I think these 3 conditions should be sufficient to guarantee that if foo returns then place has been written to. I remember seeing a crate that implemented this idea for pinned/inplace initialization but I can't find it anymore.

Why not just

    fn clone_into_uninit(&self, uninit: &mut MaybeUninit<Self>) -> &mut Self {
        let c = self.clone();
        uninit.write(c)
    }

In order to use the &mut Self as witness that the MaybeUninit slot was actually initialized[1], you need to check that the reference is ptr::eq; consider that an overriden impl could be Box::leak(Box::new(self.clone())) or similar to return an unrelated reference. It is extremely easy to forget to do this validation. A similar footgun resulted in changing the unstable feature(read_buf) APIs.

Plus, that still relies on optimization to cut out the stack allocation. I expect OP wants to avoid that reliance, as they have scenarios where it isn't happening in the current Box::clone which is essentially doing that.


  1. If you know the function being called, you can trust it. If it's a trait method, however, you cannot, and need to at least tolerate any possible implementation permitted by the signature. This is where an extension trait is useful, because it can be unsafe to implement (making it sound to trust documented impl safety requirements) and/or blanket implemented and impossible to override. Some sort of final modifier for default-provided trait methods which prevents overriding the default impl would also be sufficient. ↩︎

3 Likes

Right, I was thinking that one could pass an initialized structure to clone_into_uninit and cause memory leaks (or other resource leaks), but that's not UB. I updated the post to remove the unsafe.

I think this is an interesting approach. I actually wanted to propose something very similar myself. This would force implementors to carefully think about whether something has been thoroughly initialized.

However I'm not sure if this is strictly necessary: writing to a MaybeUninit already requires unsafe code, and that perhaps is a strong enough barrier to make people stop and think on whether their initialization code is thorough enough.

no that’s not quite the case.
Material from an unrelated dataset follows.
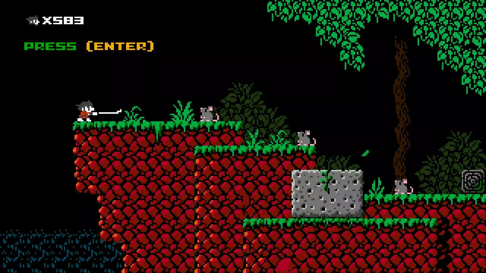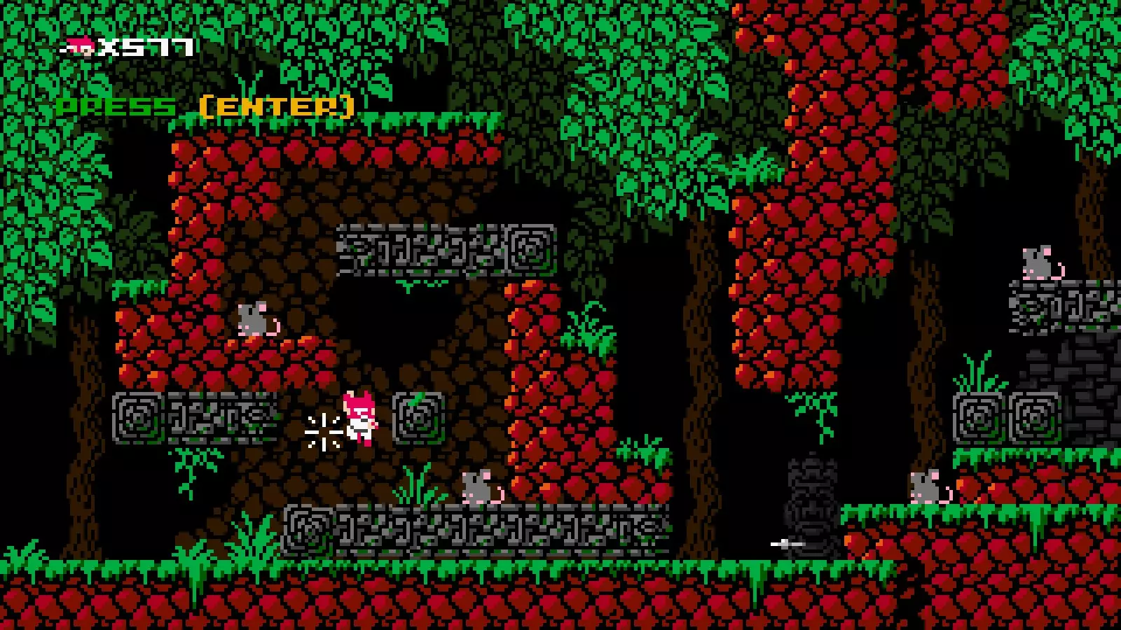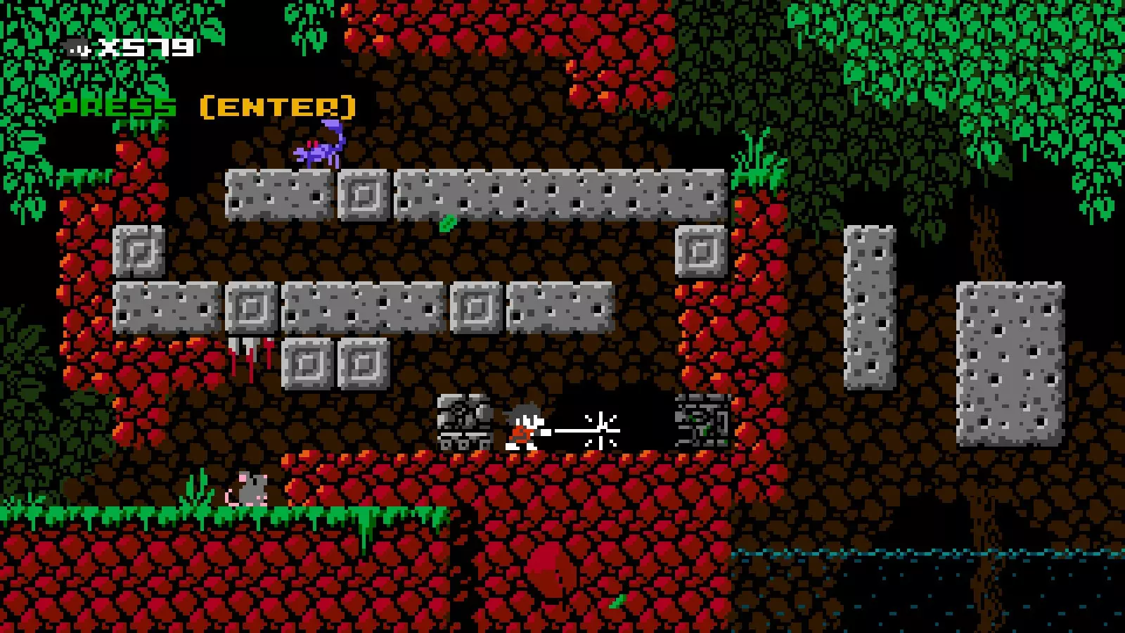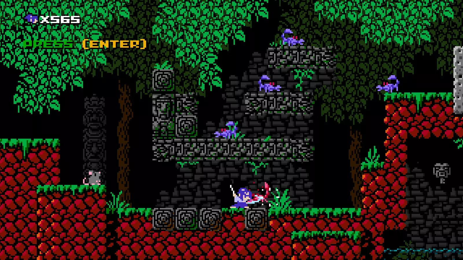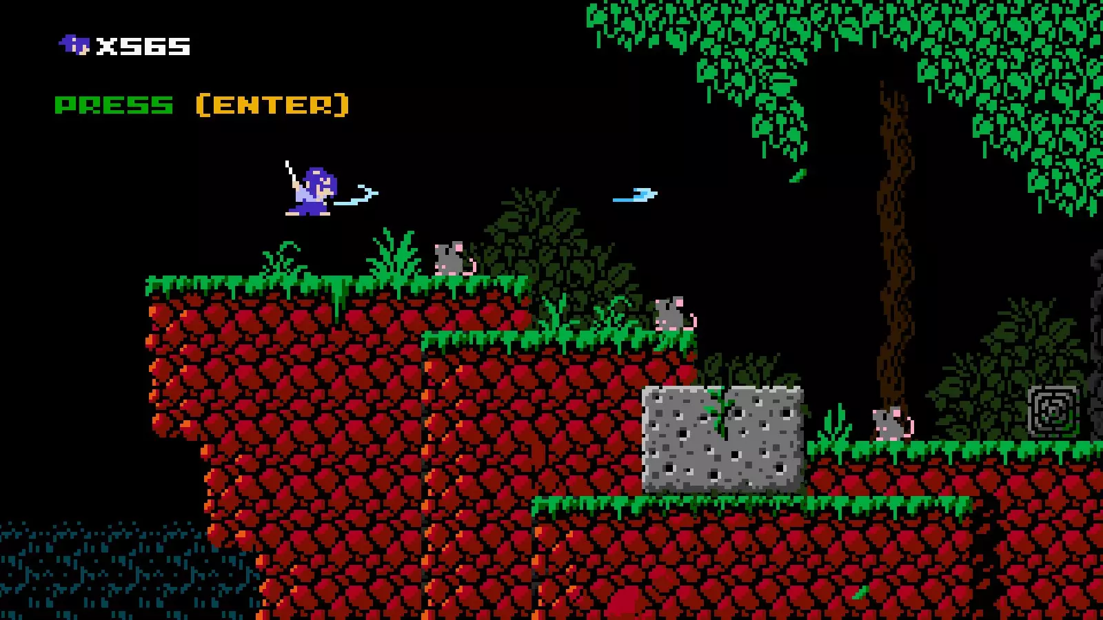 说明:很难拍到这个攻击的清晰截图,尤其是在它击杀敌人或摧毁飞镖的时候,非常抱歉! 伤害:3 可穿透一格墙壁攻击敌人和物体。 可抵消投射物并破坏方块。 移动时可自由使用。 几乎无冷却时间。 机动性:一格空中跳跃和墙壁跳跃。快速奔跑。 忍者阿班拥有一格空中跳跃,但仅能在短跳期间使用。

Reading from MaybeUninit requires unsafe code, but for writing, there’s even an appropriately named (and safe!) method.

2 Likes

Right, right, sorry. This is why I shouldn't write stuff on the internet too late at night or too early in the morning. In that case a Uninit/Init approach may be helpful to communicate expectations, although I'm not 100% sure it's worth it (which is the reason why I omitted in my original post).

There are many known cases where large Box causes stack overflow, including Box::new, so the problem is not limited to cloning.

I think the best way to fix this would be to improve rustc code generation to always carefully avoid stack and initialize Boxes in place. It's already a special type to the compiler.

I don't think that will help? ie in this situation: let b = Box::new(big_structure.clone())
the actual problem is in .clone(), no matter how much more magic you add to Box::new, it won't be able to make clone return by reference instead of by value.

Guaranteed RVO would solve this as far as I understand.

After re-reading: The guaranteed copy elision would need to be far more powerful that what's proposed in the RFC to solve the problem here.